1. A fiber laser comprising:

a light source generating a laser beam;

first and second resonators resonating the laser beam into first and second wavelengths; and

a coupler separating the laser beam generated in the light source to the first and second resonators and feeding back the laser beam having the first and second wavelengths resonated respectively in the first and second resonators to the light source.

2. The fiber laser of claim 1, wherein the first and second resonators comprise second and third optical fibers branched from the coupler, and first and second Bragg gratings respectively connected to the second and third optical fibers.

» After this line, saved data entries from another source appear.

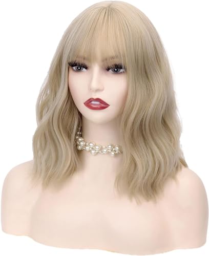 Generic - شعر مستعار طول الكتف مع غرة لون اشقر للنساء لحفلات الهالوين والحفلات التنكرية
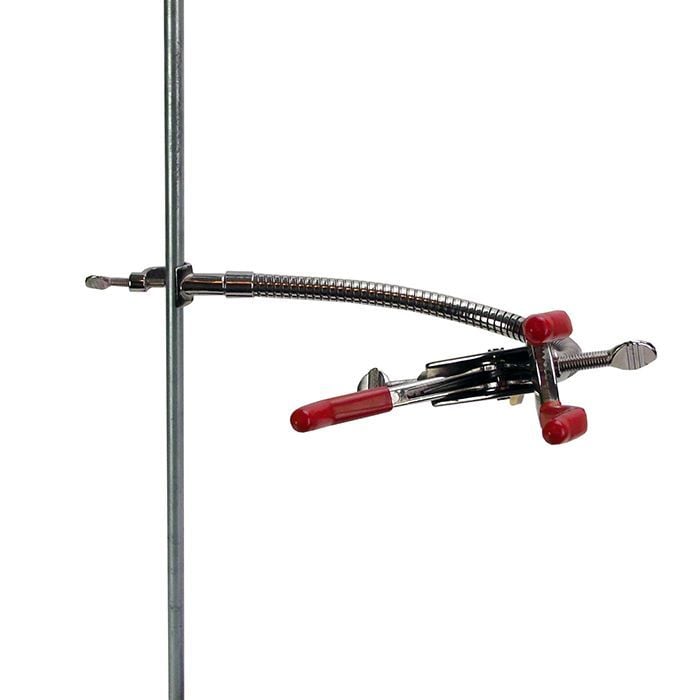The 3-Prong Clamp with Flexible Extension Rod from United Scientific is the ultimate solution for holding sensors, small glassware, or tubing in positions that standard rigid clamps cannot reach. Featuring a 305 mm (12 in.) nickel-plated "gooseneck" arm, this clamp can be bent into virtually any shape or angle and will maintain its position under loads of up to 1 pound. The 3-prong head provides a secure, three-point grip on objects up to 95.3 mm wide, while the integrated heavy-duty boss head connector attaches firmly to any standard laboratory support rod or frame with a diameter up to 22 mm.
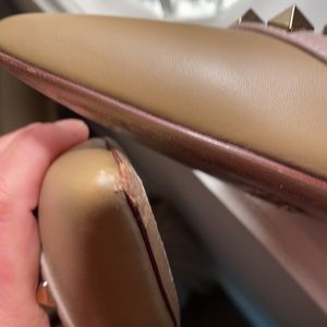 Excellent condition worn twice ! Deep tan and taupe with gold studs minor scuff and crease not noticeable Comes with dust Bag No box
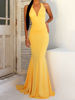 Fleepmart Sexy Summer Evening Party Dress Deep V Neck Halter Sleeveless Backless Sash Stretch Orange Yellow Long Gown
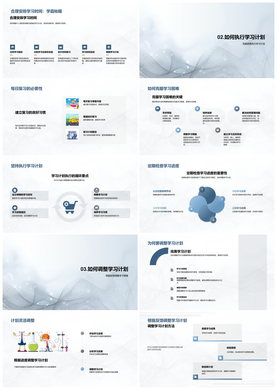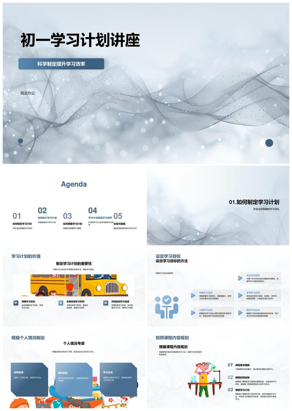 2025初一高效学习计划目标制定时间复习进度检查PPT模板推荐
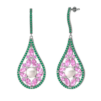 Inci, pembe kuvars ve kök zümrüt 18 ayar beyaz altın küpe
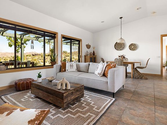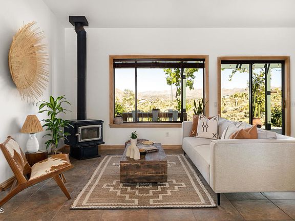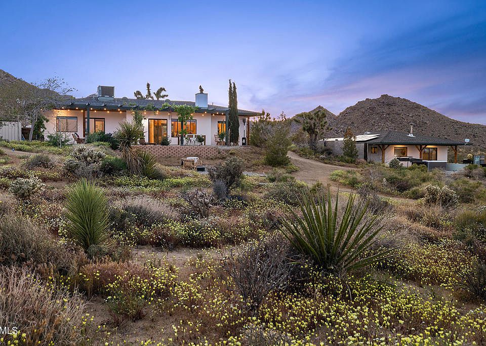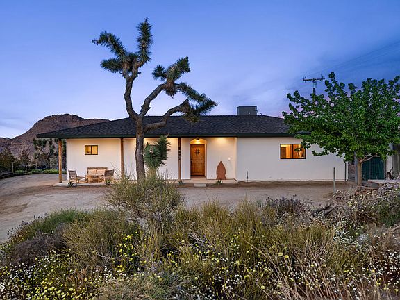 Your search for the perfect Joshua Tree sanctuary is over. 8331 Sunset Rd sits on five acres just a few minutes from Joshua Tree Park, with a wildlife preserve on one side and seemingly endless views from all angles. The main home has a Santa Fe inspired contemporary design, coated in smooth stucco and lined with broad picture windows that show off the ethereal desert landscape all around. Two en-suite bedrooms with luxe baths sit at either end of the home with open concept living space between them extending outdoors onto the spacious pergola-covered patio. Quaint signage points you to the studio Casita just downhill from the main house; it has a kitchenette, bath, hot tub, stock tank pool, and an attached finished garage - currently being used as a lounge - that could be combined with the Casita for even more living space. For the most enchanting moment of all, follow the signs down to your own personal Yurt. With AC, heat, electricity, and a kitchenette, the yurt is cozy and peaceful in its intentional isolation. Each structure boasts its own outdoor space, and the yurt also comes with a funky outdoor bathroom - complete with electricity and hot water. The opportunities here feel infinite- rent the whole place as a short-term or long-term rental, live full or part time in one structure and rent the others, use them as studio space, make this your company's getaway or a family compound for multiple generations; or spend a lifetime here exploring all the avenues this magical retreat has to offer.
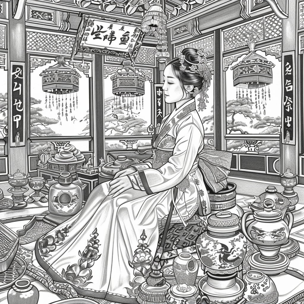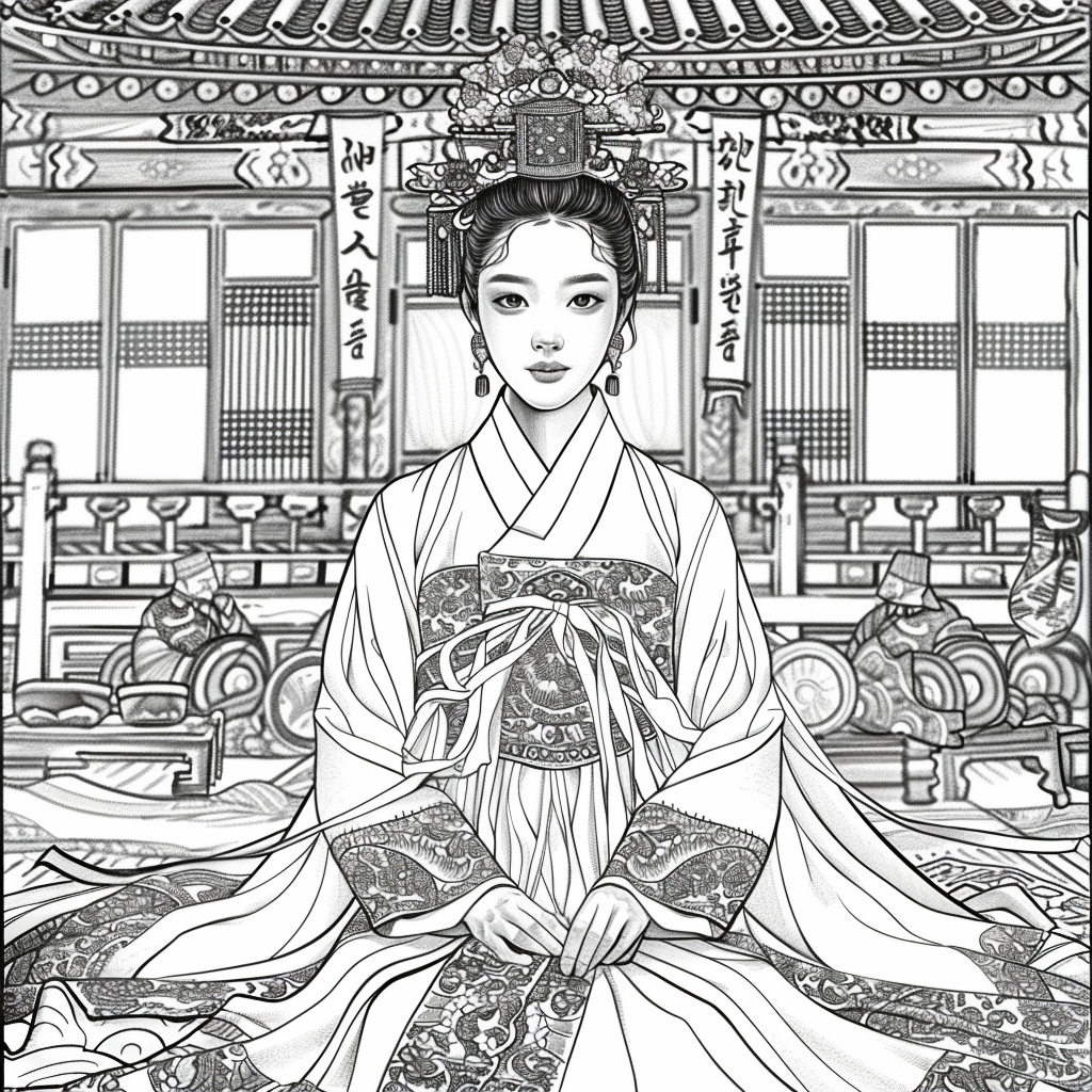 A Korean woman sits gracefully with her back turned, facing the grand palace adorned in intricate, colorful patterns. Her hanbok flows magnificently, each panel alive with vibrant hues of orange, blue, pink, and gold, decorated with symbolic motifs of nature, prosperity, and harmony. The richly painted palace pillars and hanging banners mirror her attire, creating a perfect dialogue between architecture and fashion. Her poised presence against the backdrop of tradition evokes dignity, reverence, and the timeless beauty of Korean heritage.

3. The fiber laser of claim 2, wherein each of the first and second Bragg gratings comprises an optical fiber Bragg grating or a polymer Bragg grating.

4. The fiber laser of claim 2, wherein the first and second resonators further comprise at least one translator stage straining the first and second Bragg gratings.

5. The fiber laser of claim 2, wherein the first and second resonators comprise first and second stabilizing light sources supplying stabilizing laser beams respectively stabilizing the laser beams having the first wavelength and the second wavelength, and first and second resonant couplers connecting the first and second stabilizing light sources to the second and third optical fibers, respectively.

6. The fiber laser of claim 5, wherein the first and second stabilizing light sources comprise a Fabry-Perot laser diode.

7. The fiber laser of claim 5, further comprising first and second isolators respectively formed between the first stabilizing light source and the first resonant coupler and between the second stabilizing light source and the second resonant coupler.

8. The substrate heating unit of claim 1, wherein the coupler comprises any one of a 3 dB coupler, an optical fiber coupler, a waveguide coupler, and a multi mode interference coupler.

9. The substrate heating unit of claim 1, wherein the light source comprises a first optical fiber connected to the coupler, a pump light source supplying a pump light to the first optical fiber, and an output terminal outputting the laser beams having the first and second wavelengths fed back from the coupler.

10. The substrate heating unit of claim 9, wherein the light source further comprises an input coupler coupling the pump light source and the first optical fiber, and an output coupler coupling the output terminal and the first optical fiber.

11. The fiber laser of claim 10, wherein the first optical fiber is formed in a circular ring shape connecting the output coupler, the input coupler and the coupler.

12. The fiber laser of claim 11, wherein the light source further comprises at least one isolator filtering the pump light delivered from the input coupler to the output coupler in the optical fiber.

13. The fiber laser of claim 1, wherein the light source comprises a first optical fiber connected to the coupler, and a semiconductor optical amplifier formed in the first optical fiber.